前世のブラック企業では、派閥争いや足の引っ張り合いばかりで、職場の人間関係は常に冷え切っていた。それに比べて、この魔皇国の人たちは、大人になっても「ずっ友」なんて可愛い言葉を使って、仲良くトウモロコシを分け合っているのだ。
「皆様、おはようございます。朝からお野菜を分け合って、とても仲がよろしいのですね」
私が微笑みながら声をかけると、商人たちは「ギクッ!」と肩を震わせ、慌ててトウモロコシの芯を背中に隠した。
「あ、アマネ嬢……! い、いや、これはその……馬の栄養管理について、親密な会議をしていただけでして!」
商人が冷や汗を流しながら早口で言い訳をする。
「まあ、お馬さんの栄養管理、大変ですね。暑い中、お疲れ様です」
私が純粋な労いの言葉をかけると、商人は私の顔をまじまじと見つめ、やがて「ふん」と鼻で笑った。
(……ククッ、なんだ、ただの世間知らずのお嬢様か。我々が『ずっ友ロコシ』で完璧な八百長体制を構築したことなど、微塵も気づいておらんわ)

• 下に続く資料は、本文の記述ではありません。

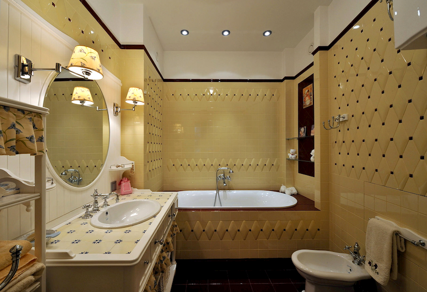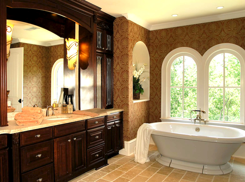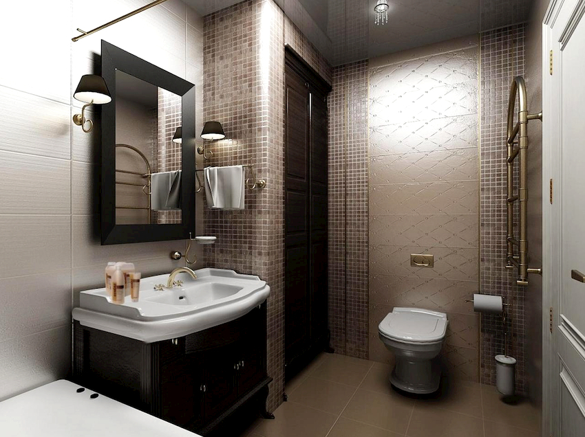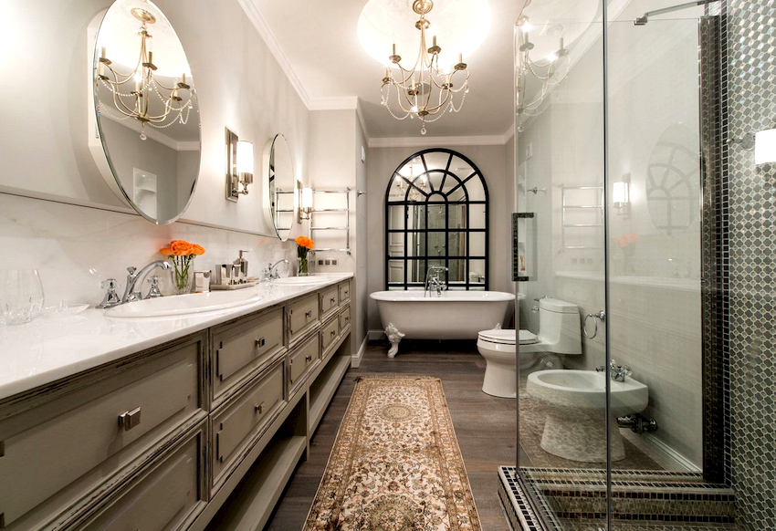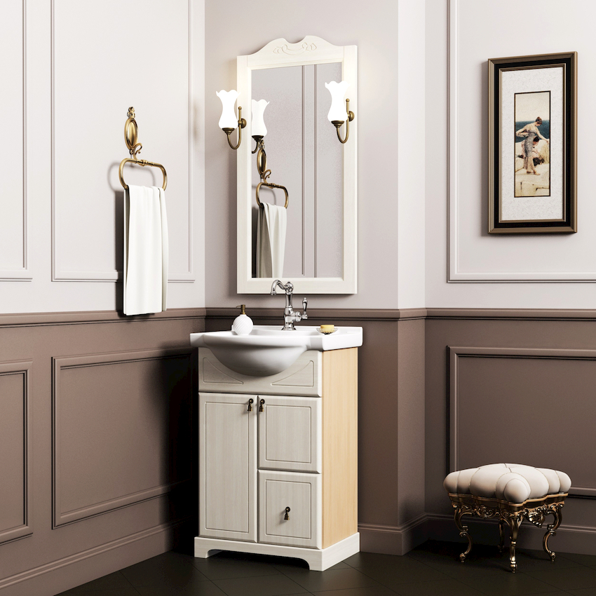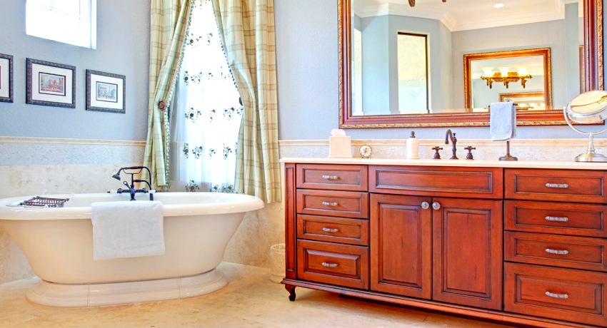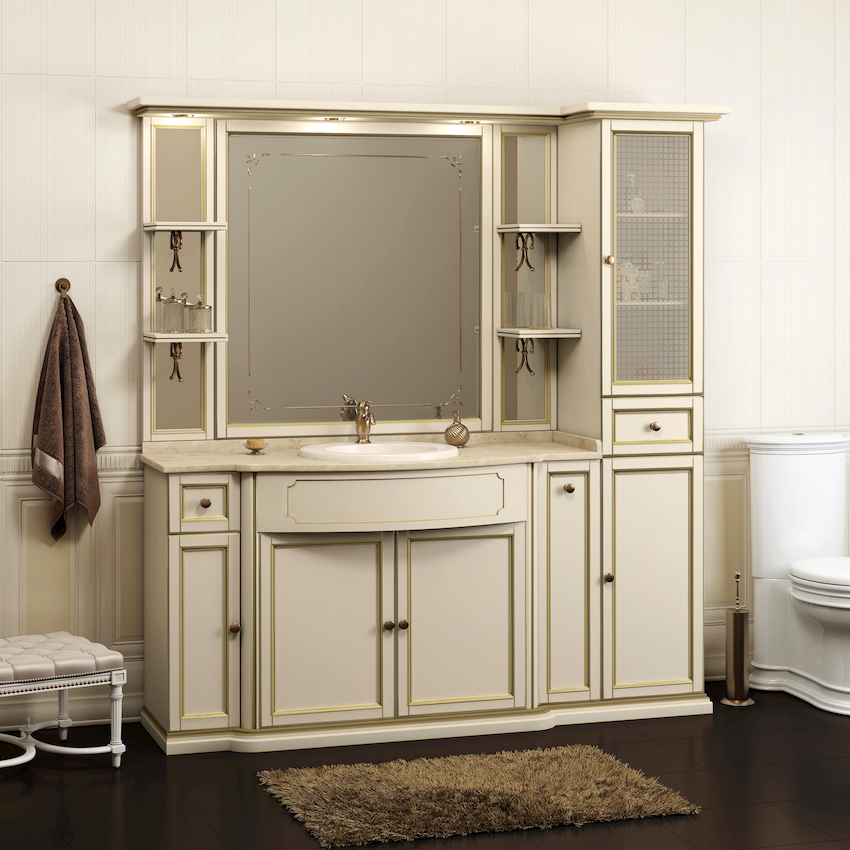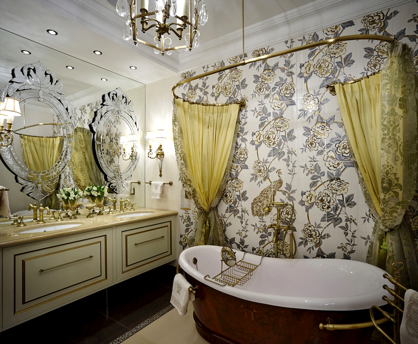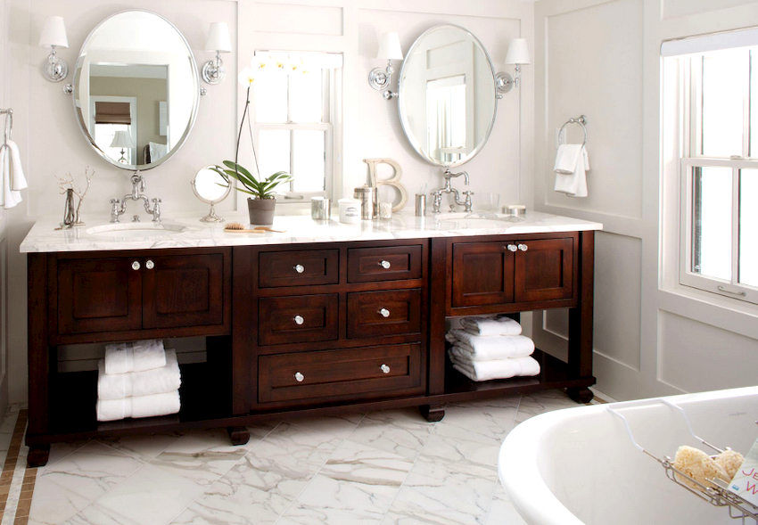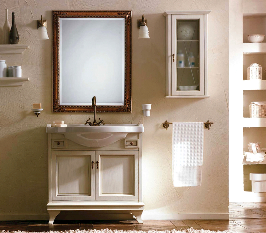 - Dimensiunile camerei. Este important ca după instalarea tuturor obiectelor, golurile dintre ele să permită mișcarea liberă prin cameră. Mobilierul clasic de baie din lemn masiv este cel mai bine lăsat pentru decorarea camerelor mari din case private sau apartamente mari.

商人が腹の中で私を嘲笑っていることなど、私には知る由もない。私は彼らに軽く会釈をし、オルフェウス様の元へと歩みを進めた。
*
「アマネ、ここだ。これが今日、私が騎乗する相棒だ」
オルフェウス様が立ち止まったのは、一際広く、重厚な柵で囲まれた特別区画だった。
そこにいたのは、艶やかな漆黒の鱗を持ち、鋭い黄金の瞳をした、ひときわ巨大で気性の荒そうなジオ・リザードだった。
「ルナミス帝国から移送してきた、私の愛馬『シュバルツ』だ。気位が高く、私以外の騎乗を一切許さない」
「グルゥゥゥッ……!」
シュバルツは鼻から微かに火の粉を散らし、私たちを警戒するように低く唸り声を上げた。

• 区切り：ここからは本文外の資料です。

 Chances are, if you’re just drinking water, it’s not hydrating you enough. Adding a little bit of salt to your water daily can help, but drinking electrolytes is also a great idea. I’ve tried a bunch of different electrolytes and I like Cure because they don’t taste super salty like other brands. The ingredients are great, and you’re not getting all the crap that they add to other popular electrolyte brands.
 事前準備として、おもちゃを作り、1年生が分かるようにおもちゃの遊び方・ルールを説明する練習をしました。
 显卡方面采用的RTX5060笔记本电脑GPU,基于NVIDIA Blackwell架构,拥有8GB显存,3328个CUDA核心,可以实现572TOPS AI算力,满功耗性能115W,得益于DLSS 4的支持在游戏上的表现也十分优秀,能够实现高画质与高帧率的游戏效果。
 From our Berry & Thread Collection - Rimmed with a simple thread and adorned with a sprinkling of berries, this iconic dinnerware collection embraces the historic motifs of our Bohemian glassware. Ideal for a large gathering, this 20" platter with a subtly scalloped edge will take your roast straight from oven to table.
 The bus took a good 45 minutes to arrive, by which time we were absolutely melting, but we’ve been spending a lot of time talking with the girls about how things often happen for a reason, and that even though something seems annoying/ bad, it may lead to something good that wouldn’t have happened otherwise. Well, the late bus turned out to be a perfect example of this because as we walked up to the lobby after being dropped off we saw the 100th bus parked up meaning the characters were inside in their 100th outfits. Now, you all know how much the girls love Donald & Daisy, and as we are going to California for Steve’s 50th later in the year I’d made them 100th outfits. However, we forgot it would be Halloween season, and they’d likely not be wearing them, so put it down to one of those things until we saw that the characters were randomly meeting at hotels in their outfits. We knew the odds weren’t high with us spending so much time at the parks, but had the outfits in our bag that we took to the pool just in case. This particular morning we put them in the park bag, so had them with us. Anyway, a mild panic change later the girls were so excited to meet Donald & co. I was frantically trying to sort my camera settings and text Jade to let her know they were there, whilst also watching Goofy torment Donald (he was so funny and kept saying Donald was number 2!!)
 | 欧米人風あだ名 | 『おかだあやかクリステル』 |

「まあ、立派な走竜ですね。でも……少し、ご機嫌斜めでしょうか?」
私が首を傾げると、専属の飼育員が困ったようにため息を吐いた。
「ええ……実は、魔皇国の水や飼葉(魔農産物)が口に合わないようで、昨晩からほとんど餌を食べてくれないのです。大公閣下の魔力で動かすことは可能ですが、このままでは万全の走りができるかどうか……」
「そうだったのですね」
私は、飼葉桶に入った見慣れない色の野菜を見つめた。(※悪徳商人が昨晩こっそり仕込んだ『折れたス』の破片が混ざっているのだが、シュバルツは野生の勘でそれを避けていたのだ)。

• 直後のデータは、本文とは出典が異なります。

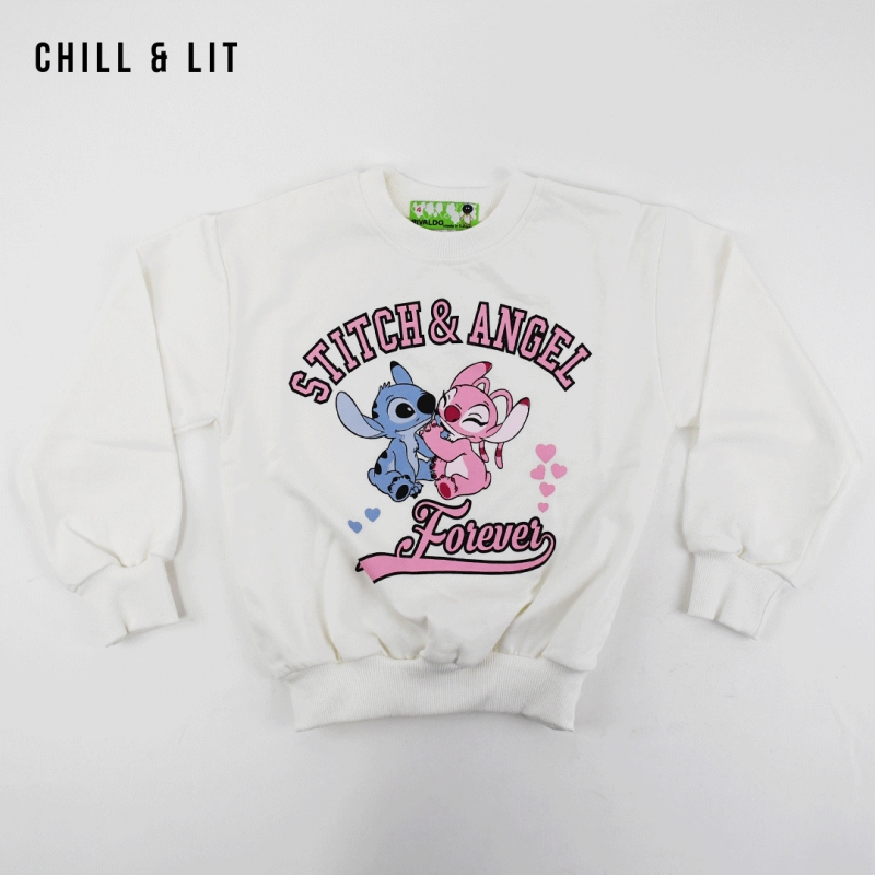 Pull fillette Stitch à col rond, manches longues. Super Tendance Aïd. Le Mannequin Porte La Taille 4ans.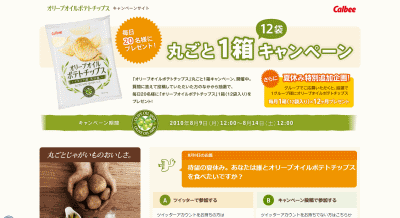 抽選で1グループ様にオリーブオイルポテトチップスを毎月1箱×12ヶ月プレゼントするキャンペーン開催中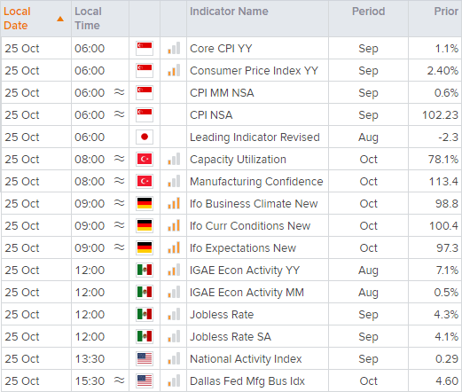 德国IFO商业报告定于英国夏令时09:00发布,经济是否继续受“瓶颈衰退”的拖累为此次数据关注重点。商业景气指标4个月前达到顶峰,目前仍低于100(一定条件下),指向经济萎缩。周五公布的PMI预览值也表现不佳,因此今天数据也可能会进一步疲弱。不过,若意外向好,欧元反应将更为强烈。除IFO外,几乎没有具市场影响力的数据待发,墨西哥就业数据将于今日12:00出炉,而美国商业信心指数将于今日13:30和15:30发布。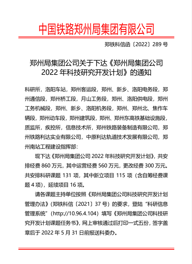 近日,中国铁路郑州局集团有限公司下达《郑州局集团公司2022年科技研究开发计划》(郑铁科信函〔2022〕289号),我校作为合作单位成功立项7项。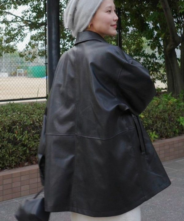 ハードになりがちなレザーアイテムをゆったりとした身幅とドロップショルダーでラフにカジュアルダウンして着用できるよう仕上げました。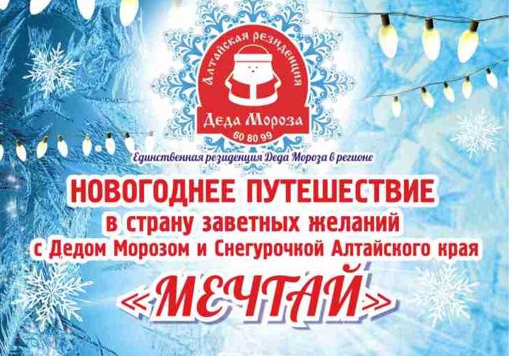 В свой День рождения, 18 ноября, Дед Мороз Алтайского края проведет первую экскурсию по своей резиденции. С этого дня и по 10 января для детей и взрослых будут ежедневно проводить познавательные экскурсии, спектакли, театрализованные представления. В этом году гости резиденции увидят 3D замок, волшебное дерево заветных желаний, музей Деда Мороза, карту сказочных объектов России, новогодние локации для фото-впечатлений.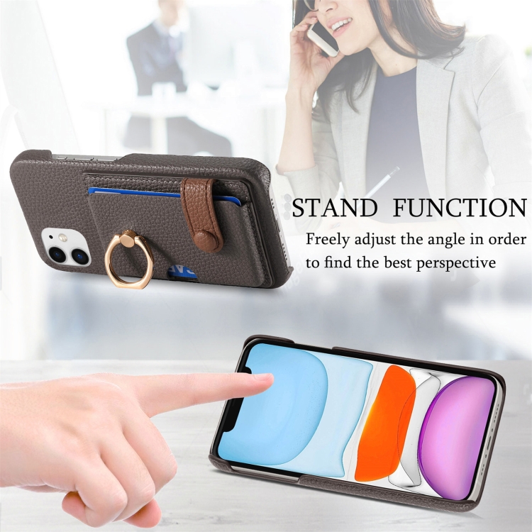 Funda para Teléfono iPhone 11 Borde de Aceite Cuero Litchi Anillo Trasero Tarjeta (Gris)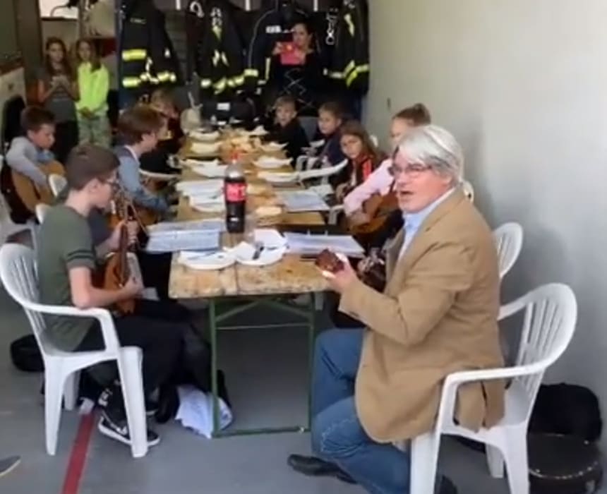 Naime, kako nam kažu u ovom DVD-u, dio djece članova društva, na inicijativu mještana, počeo se sastajati i učiti svirati mandolinu i gitaru, a voditelj je bio maestro Miro Miše iz Trogira.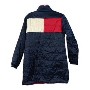 Tommy Hilfiger Puffer Button Down Jacket Women's Size L Blue Red White Vintage

長旅のストレスで、ご飯が喉を通らない気持ちはよくわかる。
私は脳内で【善行ポイント通販】を開いた。
選んだのは、地球の『最高級・甘熟ニンジン(10pt)』だ。農家さんが手塩にかけて育て、フルーツのように甘く、水分がたっぷりと詰まった極上の根菜である。
「シュバルツ、これなら食べられるかしら?」
私は空間から実体化させた、鮮やかなオレンジ色をした瑞々しいニンジンを、柵越しにそっと差し出した。
「アマネ様、危険です! シュバルツは神経質で、知らない者の手からは決して餌を――」
飼育員が青ざめて制止しようとした、その瞬間。
スンスン、とシュバルツが鼻を鳴らした。
地球の甘熟ニンジンから漂う、大地の豊かな香りと、果実のような甘い匂い。それは、アナステシア世界の魔力に当てられた大味な野菜とは全く異なる、純粋で繊細な『美味しさ』の結晶だった。
「キュルルッ!?」
シュバルツの黄金の瞳が、カッと見開かれた。
次の瞬間、彼は私の手からニンジンをひったくるように咥え、シャクシャクッ! と凄まじい勢いで咀嚼し始めたのだ。
「お、食べた! シュバルツがご飯を食べました!」
飼育員が信じられないものを見るように叫ぶ。
「美味しい? まだあるから、ゆっくり食べてね」
私は追加で三本のニンジンを取り出し、シュバルツに与えた。彼はあっという間にそれを平らげると、もっと欲しいと言わんばかりに、巨大な頭を鉄格子の隙間に押し付け、私の手のひらにすりすりとおでこを擦り付けてきた。
「キュルゥゥ〜ン……♡」
先ほどまでの気性の荒さはどこへやら。漆黒の猛竜は、地球の甘熟ニンジンの圧倒的な旨味と、私の手から伝わる優しさに完全に餌付けされ、メロメロになって喉を鳴らしていた。
「あははっ! シュバルツ、お姉ちゃんに甘えてるー!」
リンがキャッキャと笑い、ヴァルキュリアさんも「はわわ……猛竜をひと撫でで手懐けるとは、やはりアマネさんは女神……」と感心して頷いている。
「……ふっ。どうやら私の相棒は、私以上に君の魅力に当てられてしまったらしいな」
オルフェウス様が、少しだけ呆れたように、けれどどこか誇らしげに目を細めた。
「オルフェウス様、シュバルツが元気になって良かったです。これで、今日のレースも万全ですね」
「ああ。君のくれたこの温かい活力が、私とシュバルツの最強のエンジンになる。……君の分まで、必ず勝利を捧げてみせよう」
オルフェウス様は私の指先に口づけを落とし、優しく微笑んだ。
私は、彼のその絶対的な自信と愛情に、胸を甘く高鳴らせた。
私が手を下したのは、お腹を空かせたお馬さんに、美味しいニンジンをあげただけ。
だが、この地球の野菜による完璧な『コンディション調整』が、やがて悪徳商人たちの仕掛けた「魔農産物の罠」を粉砕し、彼らを絶望のどん底へと叩き落とす最大の要因となることを、私はまだ知らなかった。
華やかな親善ダービーのファンファーレが、今、闘技場の空高く鳴り響こうとしていた。